INSTRUCTIONS FOR THE TASK: Only the lines from the one that contains "此作品是透过四到五层不同的釉" to the last line below, both included, should be transcribed. Pictures stay out of the copy.

RAW DATA:
[Start of Attachment]

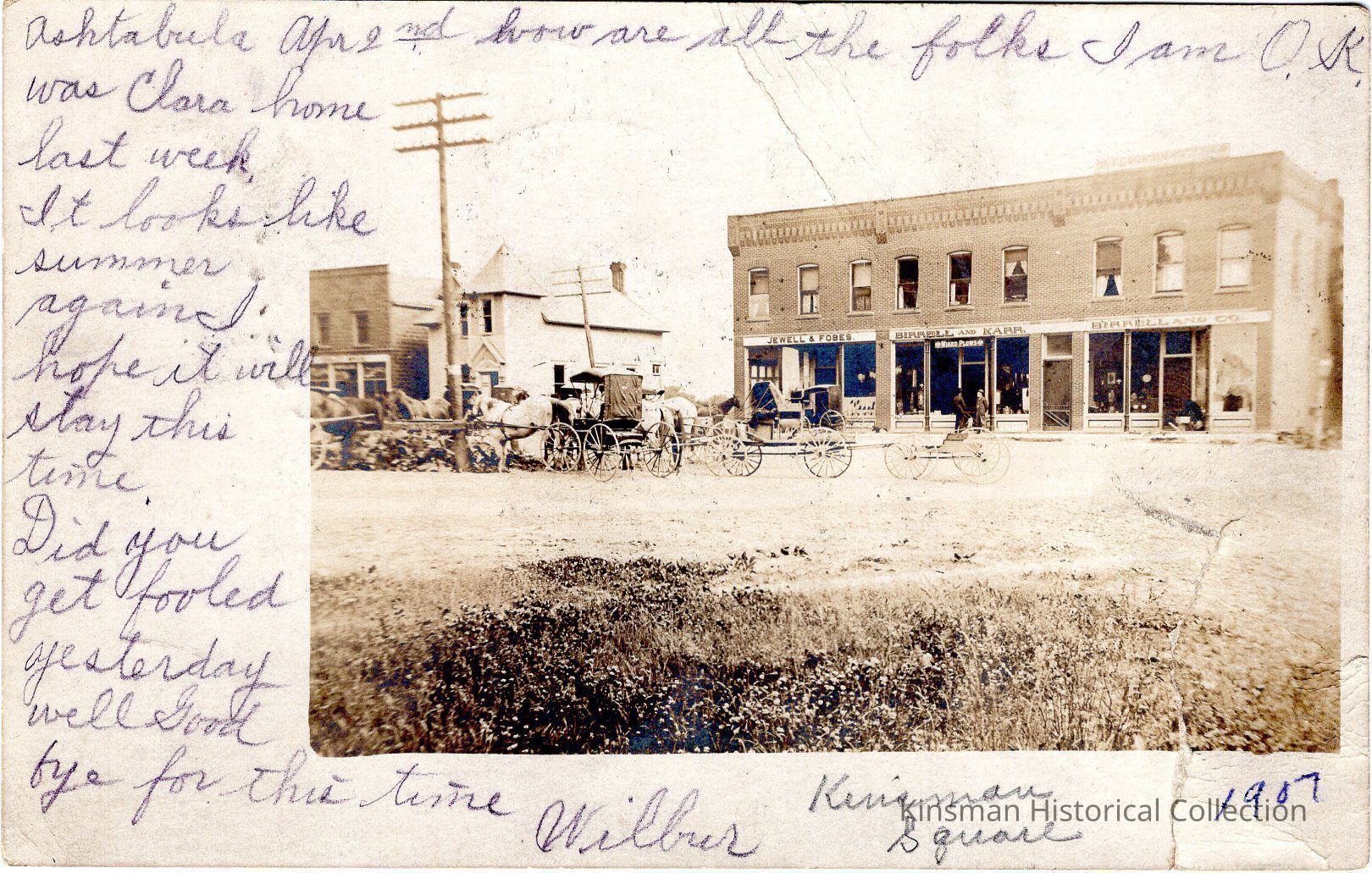 Kinsman Square in 1907 with many parked horses and businesses in the background including Jewell & Fobes, Birrell and Karr, and Birrell and Co.Collection
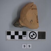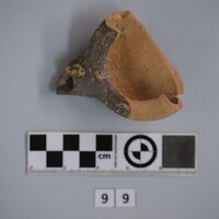- Fragmentary lamp. About half preserved. Dipped in brown paint around the nozzle.
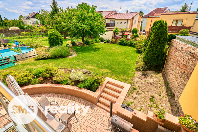 Orientace na jih zajišťuje slunce po celý den. Zahrada je okrasná i užitná (třešeň, moruše, borůvky, angrešt, rybíz) s automatickou závlahou. Posezení na terase pod úrovní zahrady zajišťuje naprosté soukromí.
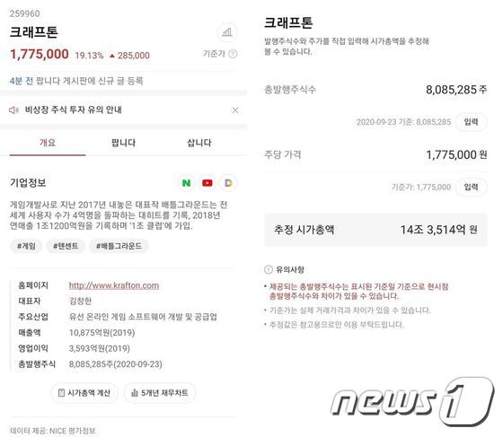 크래프톤 상장예비심사 승인…중복청약·따상 기대해도 되나. 공모주 대어 '크래프톤', 상장예비심사 통과…장외시장 주가 54만원. '코스닥' 아닌 '코스피' 입성 예고. 크래프톤 주주토론방,크래프톤 기업개요,크래프톤 현재가,크래프톤 주가,크래프톤 관련뉴스,크래프톤 주식,크래프톤 기업가치,크래프톤 실적,크래프톤 주당순이익,크래프톤 매출,크래프톤 상장,장외시장. 특히 김 대표는 주식매수선택권(스톡옵션)을 86만8245주 보유해 이. '크래프톤 관련주' wi, 3거래일 만에 하락세. 16일 크래프톤은 금융당국에 제출한 증권신고서를 통해 중국 텐센트가 개발·서비스하고 있는 화평정영에 대한 기술. 노트부터 마우스 패드, 스트레스볼, 페이퍼 디퓨저까지… 크래프톤, 독립스튜디오 라이징윙스…통합 법인으로 새출발. 업계는 크래프톤 상장 후 시가총액을 40조 원으로 전망하는데, 이는 단숨에 코스피 시장 6위권대 진입도 가능한 수치다. 크래프톤 무시하시는 분들이 많네요 7. 크래프톤, 증권신고서 제출… 중복 청약 가능해진다. 경기도 성남시 분당구 분당내곡로 117, 9층 (백현동, 크래프톤 타워).
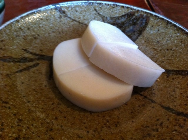 まず日本酒を常温を注文。続いて「板わさ」700円。
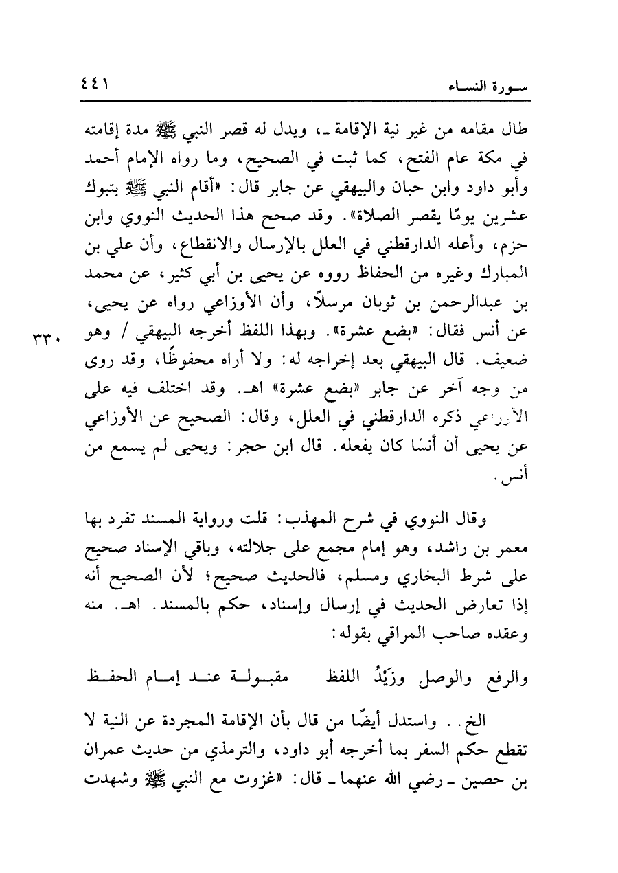 طال مقامه من غير نية الإقامة-، ويدل له قصر النبي - صلى الله عليه وسلم - مدة إقامته في مكة عام الفتح، كما ثبت في الصحيح، وما رواه الإمام أحمد وأبو داود وابن حبان والبيهقي عن جابر قال: "أقام النبي - صلى الله عليه وسلم - بتبوك عشرين يوما يقصر الصلاة". وقد صحح هذا الحديث النووي وابن حزم، وأعله الدارقطني في العلل بالإرسال والانقطاع، وأن علي بن المبارك وغيره من الحفاظ رووه عن يحيى بن أبي كثير، عن محمد بن عبد الرحمن بن ثوبان مرسلا، وأن الأوزاعي رواه عن يحيى، عن أنس فقال: "بضع عشرة". وبهذا اللفظ أخرجه البيهقي وهو ضعيف. قال البيهقي بعد إخراجه له: ولا أراه محفوظا، وقد روي من وجه آخر عن جابر "بضع عشرة" اهـ. وقد اختلف فيه على الأوزاعي ذكره الدارقطني في العلل، وقال: الصحيح عن الأوزاعي عن يحيى أن أنسا كان يفعله. قال ابن حجر: ويحيى لم يسمع من أنس.
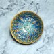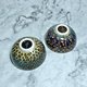 此作品是透过四到五层不同的釉药层层堆叠,借由每层施釉厚薄拿捏,并窑烧至1260度,历经20小时的烈火淬炼,让它在窑里收缩流动,产生出孔雀羽毛的斑纹与流动感。
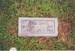 On August 2, 1909 at Houston, Mo., she was united in marriage to Lee Coats and to that union three children were born. A daughter, Jewel, preceded her in death as have her parents, two brothers, Joe and Louis, and a sister, Elizabeth Gibson.

[End of Attachment]

RESPONSE TO THIS TASK:
 此作品是透过四到五层不同的釉药层层堆叠,借由每层施釉厚薄拿捏,并窑烧至1260度,历经20小时的烈火淬炼,让它在窑里收缩流动,产生出孔雀羽毛的斑纹与流动感。
 On August 2, 1909 at Houston, Mo., she was united in marriage to Lee Coats and to that union three children were born. A daughter, Jewel, preceded her in death as have her parents, two brothers, Joe and Louis, and a sister, Elizabeth Gibson.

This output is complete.